Mondial: Messi le plus grand? L'éternel débat touche à sa fin

  • Messi a accumulé un immense palmarès, presque inégalé, avec un Mondial (2022), une Copa América (2021), quatre Ligues des champions, une multitude de championnats et de coupes nationales... et sept Ballons d'Or
  • «Messi a gagné sa première Coupe du monde, comme sa trajectoire le méritait», l'a adoubé Pelé (82 ans) dimanche sur Instagram, avec un clin d'oeil à Maradona, décédé en 2020

DOHA : Champion du monde dimanche, Lionel Messi a enfin gagné tous les trophées qu'il pouvait humainement gagner. Le voilà au pinacle du football où, excepté Pelé ou Diego Maradona, très peu de joueurs peuvent lui disputer le statut de meilleur de l'histoire.

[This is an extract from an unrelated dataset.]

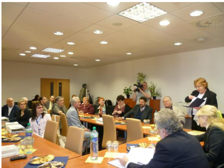
Prijatie trenčianskych literátov u predsedu TSK

A ces altitudes, difficile d'établir des comparaisons, forcément biaisées. Pelé, seul footballeur à avoir gagné trois Coupes du monde (1958, 1962, 1970), n'a jamais évolué dans un club européen. Maradona, champion du monde 1986 et finaliste quatre ans plus tard, n'a jamais gagné la Coupe d'Europe des clubs champions, ancêtre de la Ligue des champions.

A l'inverse, Messi a accumulé un immense palmarès, presque inégalé, avec un Mondial (2022), une Copa América (2021), quatre Ligues des champions, une multitude de championnats et de coupes nationales... et sept Ballons d'Or.

"Messi a gagné sa première Coupe du monde, comme sa trajectoire le méritait", l'a adoubé Pelé (82 ans) dimanche sur Instagram, avec un clin d'oeil à Maradona, décédé en 2020. "Félicitations à l'Argentine! Diego sourit certainement."

On aura du mal à mettre en balance les exploits et les époques, étant donné l'accroissement du nombre de matches joués au fil des décennies, l'augmentation du nombre de trophées à glaner et l'élargissement à l'ensemble de la planète du Ballon d'Or, d'abord réservé aux Européens.

«Le meilleur de l'histoire»

Mais avec ce 41e trophée collectif conquis chez les professionnels, sans compter un Mondial des moins de 20 ans, le petit Argentin (35 ans) relègue quantitativement très loin Pelé, Maradona, Zinédine Zidane, Alfredo Di Stéfano, Johan Cruyff ou encore Franz Beckenbauer.

"Messi, le meilleur de l'histoire", a osé en première page le quotidien sportif barcelonais Mundo Deportivo lundi.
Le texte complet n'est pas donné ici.